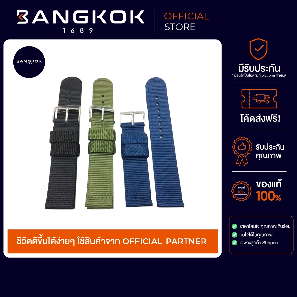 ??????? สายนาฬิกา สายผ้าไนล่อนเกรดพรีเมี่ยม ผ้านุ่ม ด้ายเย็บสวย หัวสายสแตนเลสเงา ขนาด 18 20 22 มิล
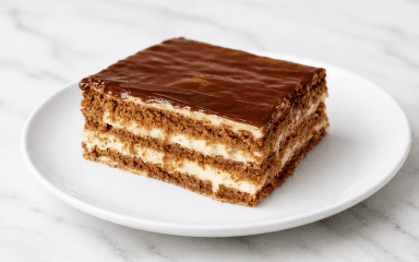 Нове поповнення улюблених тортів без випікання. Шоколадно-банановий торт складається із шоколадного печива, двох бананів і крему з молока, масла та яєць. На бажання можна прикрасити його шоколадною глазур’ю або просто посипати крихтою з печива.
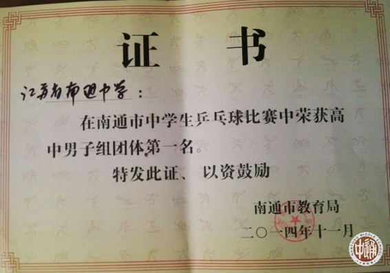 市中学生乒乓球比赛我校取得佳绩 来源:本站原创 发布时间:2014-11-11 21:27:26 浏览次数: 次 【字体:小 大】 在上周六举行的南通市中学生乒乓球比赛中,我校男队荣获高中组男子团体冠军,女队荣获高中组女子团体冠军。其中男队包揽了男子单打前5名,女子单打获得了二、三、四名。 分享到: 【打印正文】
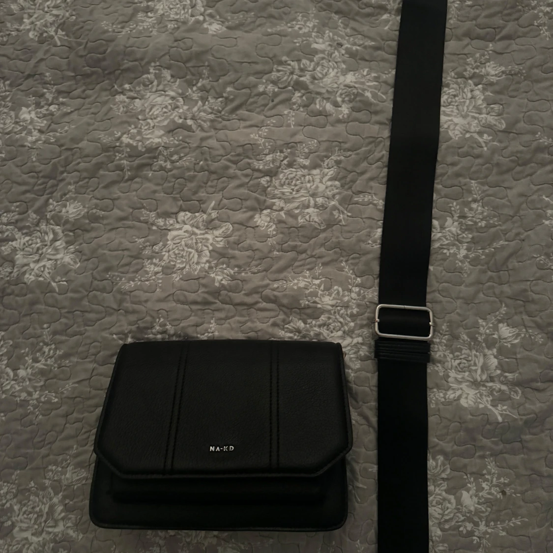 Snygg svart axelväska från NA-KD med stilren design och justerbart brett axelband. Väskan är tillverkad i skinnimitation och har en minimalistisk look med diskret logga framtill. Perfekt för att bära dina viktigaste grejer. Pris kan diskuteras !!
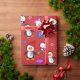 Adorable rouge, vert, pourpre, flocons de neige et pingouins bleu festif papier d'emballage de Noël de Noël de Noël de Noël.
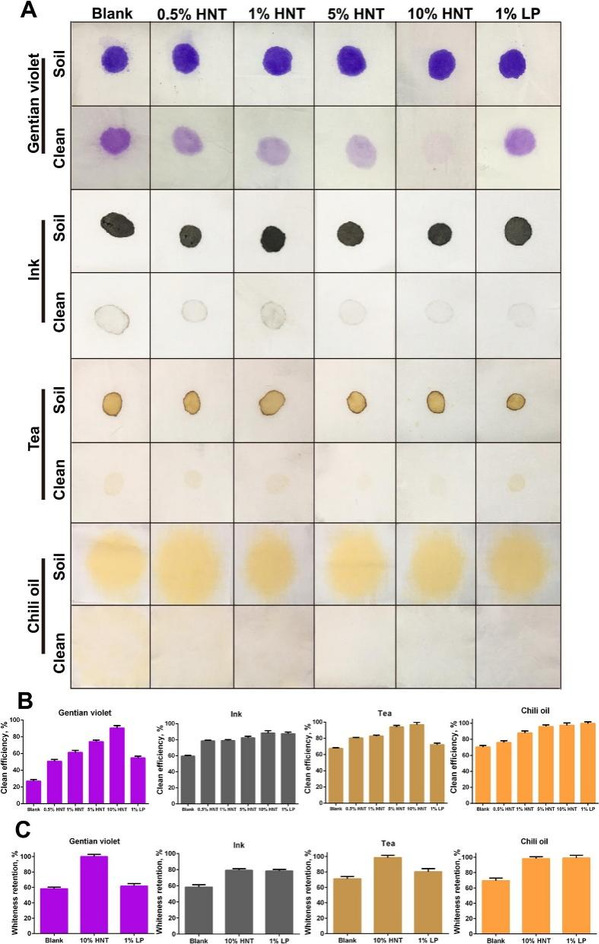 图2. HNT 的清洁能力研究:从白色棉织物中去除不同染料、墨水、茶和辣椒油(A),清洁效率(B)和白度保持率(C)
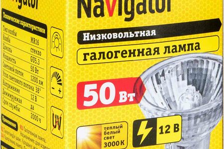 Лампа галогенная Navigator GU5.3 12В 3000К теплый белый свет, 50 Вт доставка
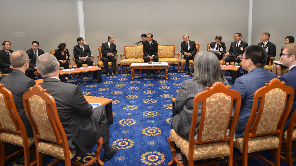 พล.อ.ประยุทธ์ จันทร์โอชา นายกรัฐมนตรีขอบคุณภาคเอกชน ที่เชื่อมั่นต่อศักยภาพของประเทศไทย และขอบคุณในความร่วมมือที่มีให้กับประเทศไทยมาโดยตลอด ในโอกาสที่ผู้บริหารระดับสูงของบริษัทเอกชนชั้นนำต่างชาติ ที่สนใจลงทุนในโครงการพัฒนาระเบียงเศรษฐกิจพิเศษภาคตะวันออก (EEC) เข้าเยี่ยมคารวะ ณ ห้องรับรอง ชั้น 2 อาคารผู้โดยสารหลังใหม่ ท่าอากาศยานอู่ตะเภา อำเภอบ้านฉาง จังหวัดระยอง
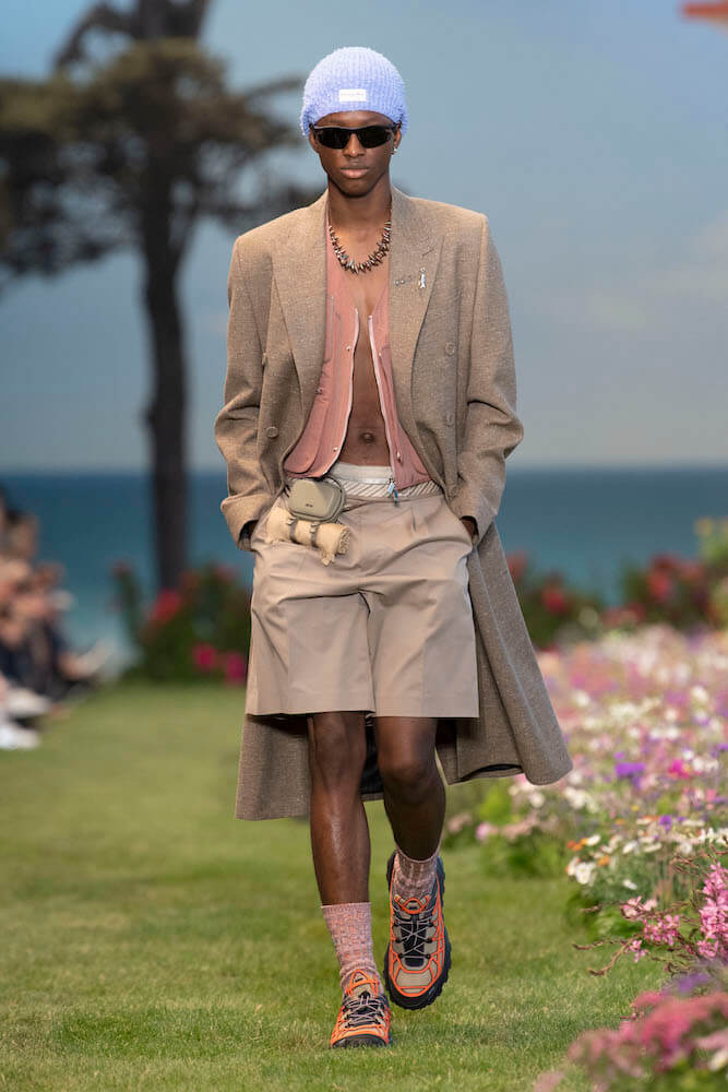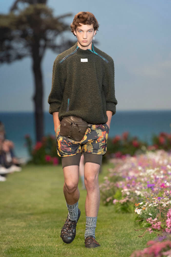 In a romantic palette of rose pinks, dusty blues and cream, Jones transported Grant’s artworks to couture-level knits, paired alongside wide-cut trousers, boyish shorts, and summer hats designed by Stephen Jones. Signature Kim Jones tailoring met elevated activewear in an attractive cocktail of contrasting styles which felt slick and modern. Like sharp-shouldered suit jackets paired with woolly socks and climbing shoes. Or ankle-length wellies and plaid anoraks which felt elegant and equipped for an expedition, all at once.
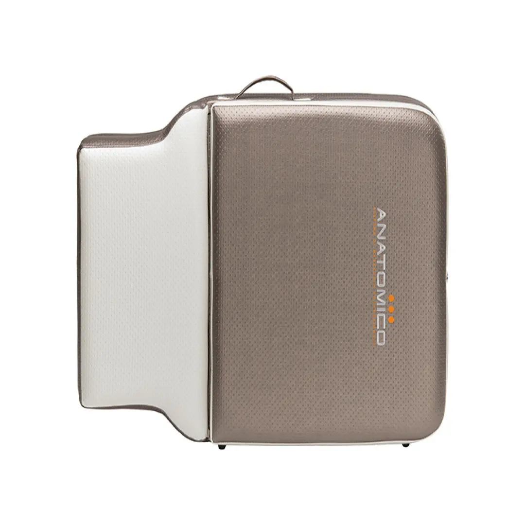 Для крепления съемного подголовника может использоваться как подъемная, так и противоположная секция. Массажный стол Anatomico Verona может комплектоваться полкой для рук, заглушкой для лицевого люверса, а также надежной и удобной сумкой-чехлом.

...

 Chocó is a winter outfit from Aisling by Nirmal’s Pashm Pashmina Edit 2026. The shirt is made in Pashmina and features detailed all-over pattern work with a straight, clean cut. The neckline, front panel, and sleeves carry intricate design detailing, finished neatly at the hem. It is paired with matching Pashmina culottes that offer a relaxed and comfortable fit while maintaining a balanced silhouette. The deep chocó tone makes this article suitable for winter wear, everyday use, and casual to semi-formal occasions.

What the task requires » Transcribe the lines above exactly, beginning at the one with "Нове поповнення улюблених" and ending at the one with "พล.อ.ประยุทธ์ จันทร์โอชา นายกรัฐมนตรีขอบคุณภาคเอกชน". Include both; exclude the pictures.

Response to the exercise »
 Нове поповнення улюблених тортів без випікання. Шоколадно-банановий торт складається із шоколадного печива, двох бананів і крему з молока, масла та яєць. На бажання можна прикрасити його шоколадною глазур’ю або просто посипати крихтою з печива.
 市中学生乒乓球比赛我校取得佳绩 来源:本站原创 发布时间:2014-11-11 21:27:26 浏览次数: 次 【字体:小 大】 在上周六举行的南通市中学生乒乓球比赛中,我校男队荣获高中组男子团体冠军,女队荣获高中组女子团体冠军。其中男队包揽了男子单打前5名,女子单打获得了二、三、四名。 分享到: 【打印正文】
 Snygg svart axelväska från NA-KD med stilren design och justerbart brett axelband. Väskan är tillverkad i skinnimitation och har en minimalistisk look med diskret logga framtill. Perfekt för att bära dina viktigaste grejer. Pris kan diskuteras !!
 Adorable rouge, vert, pourpre, flocons de neige et pingouins bleu festif papier d'emballage de Noël de Noël de Noël de Noël.
 图2. HNT 的清洁能力研究:从白色棉织物中去除不同染料、墨水、茶和辣椒油(A),清洁效率(B)和白度保持率(C)
 Лампа галогенная Navigator GU5.3 12В 3000К теплый белый свет, 50 Вт доставка
 พล.อ.ประยุทธ์ จันทร์โอชา นายกรัฐมนตรีขอบคุณภาคเอกชน ที่เชื่อมั่นต่อศักยภาพของประเทศไทย และขอบคุณในความร่วมมือที่มีให้กับประเทศไทยมาโดยตลอด ในโอกาสที่ผู้บริหารระดับสูงของบริษัทเอกชนชั้นนำต่างชาติ ที่สนใจลงทุนในโครงการพัฒนาระเบียงเศรษฐกิจพิเศษภาคตะวันออก (EEC) เข้าเยี่ยมคารวะ ณ ห้องรับรอง ชั้น 2 อาคารผู้โดยสารหลังใหม่ ท่าอากาศยานอู่ตะเภา อำเภอบ้านฉาง จังหวัดระยอง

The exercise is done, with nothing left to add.